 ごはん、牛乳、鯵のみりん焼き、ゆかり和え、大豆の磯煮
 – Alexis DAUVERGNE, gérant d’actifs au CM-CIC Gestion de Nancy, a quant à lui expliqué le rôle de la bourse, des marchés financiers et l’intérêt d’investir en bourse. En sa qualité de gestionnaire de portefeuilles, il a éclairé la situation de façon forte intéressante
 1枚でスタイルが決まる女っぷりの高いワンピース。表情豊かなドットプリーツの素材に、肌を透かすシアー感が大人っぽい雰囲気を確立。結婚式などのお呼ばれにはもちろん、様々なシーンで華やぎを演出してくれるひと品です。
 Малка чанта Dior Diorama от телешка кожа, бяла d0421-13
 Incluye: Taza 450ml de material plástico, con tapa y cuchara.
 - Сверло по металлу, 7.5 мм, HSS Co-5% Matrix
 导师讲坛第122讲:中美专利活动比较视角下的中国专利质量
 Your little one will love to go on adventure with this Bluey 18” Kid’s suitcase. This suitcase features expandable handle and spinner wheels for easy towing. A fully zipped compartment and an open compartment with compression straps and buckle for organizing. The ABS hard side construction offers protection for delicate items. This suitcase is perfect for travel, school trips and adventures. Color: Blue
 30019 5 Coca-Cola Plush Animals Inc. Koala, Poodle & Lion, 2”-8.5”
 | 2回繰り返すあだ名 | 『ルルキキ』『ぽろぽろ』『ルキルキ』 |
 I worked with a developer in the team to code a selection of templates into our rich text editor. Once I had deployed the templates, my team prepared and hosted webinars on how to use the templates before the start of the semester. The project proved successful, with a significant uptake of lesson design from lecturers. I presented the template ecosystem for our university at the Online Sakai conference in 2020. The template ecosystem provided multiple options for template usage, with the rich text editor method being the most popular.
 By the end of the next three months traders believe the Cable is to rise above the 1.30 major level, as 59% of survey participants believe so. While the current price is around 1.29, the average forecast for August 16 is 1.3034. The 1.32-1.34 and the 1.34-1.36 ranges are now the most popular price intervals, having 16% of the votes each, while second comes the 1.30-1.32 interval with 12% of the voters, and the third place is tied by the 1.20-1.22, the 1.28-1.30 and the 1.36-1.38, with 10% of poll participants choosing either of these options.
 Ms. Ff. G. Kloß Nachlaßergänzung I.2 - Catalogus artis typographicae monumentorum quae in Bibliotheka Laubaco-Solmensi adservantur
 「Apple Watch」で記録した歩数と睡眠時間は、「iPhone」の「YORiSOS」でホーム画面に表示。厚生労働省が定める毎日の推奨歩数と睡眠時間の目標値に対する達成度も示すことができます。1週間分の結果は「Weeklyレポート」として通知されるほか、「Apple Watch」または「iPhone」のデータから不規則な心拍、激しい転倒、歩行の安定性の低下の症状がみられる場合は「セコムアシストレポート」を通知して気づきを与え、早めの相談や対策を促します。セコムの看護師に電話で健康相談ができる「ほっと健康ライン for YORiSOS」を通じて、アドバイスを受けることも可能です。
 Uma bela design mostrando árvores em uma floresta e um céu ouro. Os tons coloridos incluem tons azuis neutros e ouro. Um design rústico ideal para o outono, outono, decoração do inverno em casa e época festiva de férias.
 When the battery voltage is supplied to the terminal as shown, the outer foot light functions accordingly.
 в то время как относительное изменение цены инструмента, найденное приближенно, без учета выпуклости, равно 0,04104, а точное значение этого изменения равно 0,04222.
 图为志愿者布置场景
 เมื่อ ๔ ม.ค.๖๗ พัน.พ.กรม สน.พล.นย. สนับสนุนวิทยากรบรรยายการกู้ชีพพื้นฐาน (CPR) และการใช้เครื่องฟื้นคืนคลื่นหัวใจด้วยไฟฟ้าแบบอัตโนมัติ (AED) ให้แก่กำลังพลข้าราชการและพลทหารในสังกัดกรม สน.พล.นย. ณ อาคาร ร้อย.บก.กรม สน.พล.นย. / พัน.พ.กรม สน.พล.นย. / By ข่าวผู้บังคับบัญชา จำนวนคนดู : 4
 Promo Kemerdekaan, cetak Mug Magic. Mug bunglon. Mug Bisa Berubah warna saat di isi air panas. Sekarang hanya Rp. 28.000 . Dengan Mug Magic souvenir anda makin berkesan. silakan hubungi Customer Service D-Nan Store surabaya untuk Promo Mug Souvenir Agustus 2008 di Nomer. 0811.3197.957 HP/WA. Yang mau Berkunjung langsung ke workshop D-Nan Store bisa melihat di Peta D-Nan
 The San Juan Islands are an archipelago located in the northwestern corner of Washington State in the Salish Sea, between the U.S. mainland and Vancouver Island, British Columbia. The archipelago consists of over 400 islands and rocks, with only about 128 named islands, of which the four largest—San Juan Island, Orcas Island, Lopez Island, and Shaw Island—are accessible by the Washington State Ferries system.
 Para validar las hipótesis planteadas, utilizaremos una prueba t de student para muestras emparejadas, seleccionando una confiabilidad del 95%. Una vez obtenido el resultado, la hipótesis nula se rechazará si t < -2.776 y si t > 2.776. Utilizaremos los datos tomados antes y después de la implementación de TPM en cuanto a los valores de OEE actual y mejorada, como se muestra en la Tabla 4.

Problem: In the data above, find the line with "When the battery" and the line with "Promo Kemerdekaan, cetak". Retype both, plus every line between them, exactly.

Finished exercise:
 When the battery voltage is supplied to the terminal as shown, the outer foot light functions accordingly.
 в то время как относительное изменение цены инструмента, найденное приближенно, без учета выпуклости, равно 0,04104, а точное значение этого изменения равно 0,04222.
 图为志愿者布置场景
 เมื่อ ๔ ม.ค.๖๗ พัน.พ.กรม สน.พล.นย. สนับสนุนวิทยากรบรรยายการกู้ชีพพื้นฐาน (CPR) และการใช้เครื่องฟื้นคืนคลื่นหัวใจด้วยไฟฟ้าแบบอัตโนมัติ (AED) ให้แก่กำลังพลข้าราชการและพลทหารในสังกัดกรม สน.พล.นย. ณ อาคาร ร้อย.บก.กรม สน.พล.นย. / พัน.พ.กรม สน.พล.นย. / By ข่าวผู้บังคับบัญชา จำนวนคนดู : 4
 Promo Kemerdekaan, cetak Mug Magic. Mug bunglon. Mug Bisa Berubah warna saat di isi air panas. Sekarang hanya Rp. 28.000 . Dengan Mug Magic souvenir anda makin berkesan. silakan hubungi Customer Service D-Nan Store surabaya untuk Promo Mug Souvenir Agustus 2008 di Nomer. 0811.3197.957 HP/WA. Yang mau Berkunjung langsung ke workshop D-Nan Store bisa melihat di Peta D-Nan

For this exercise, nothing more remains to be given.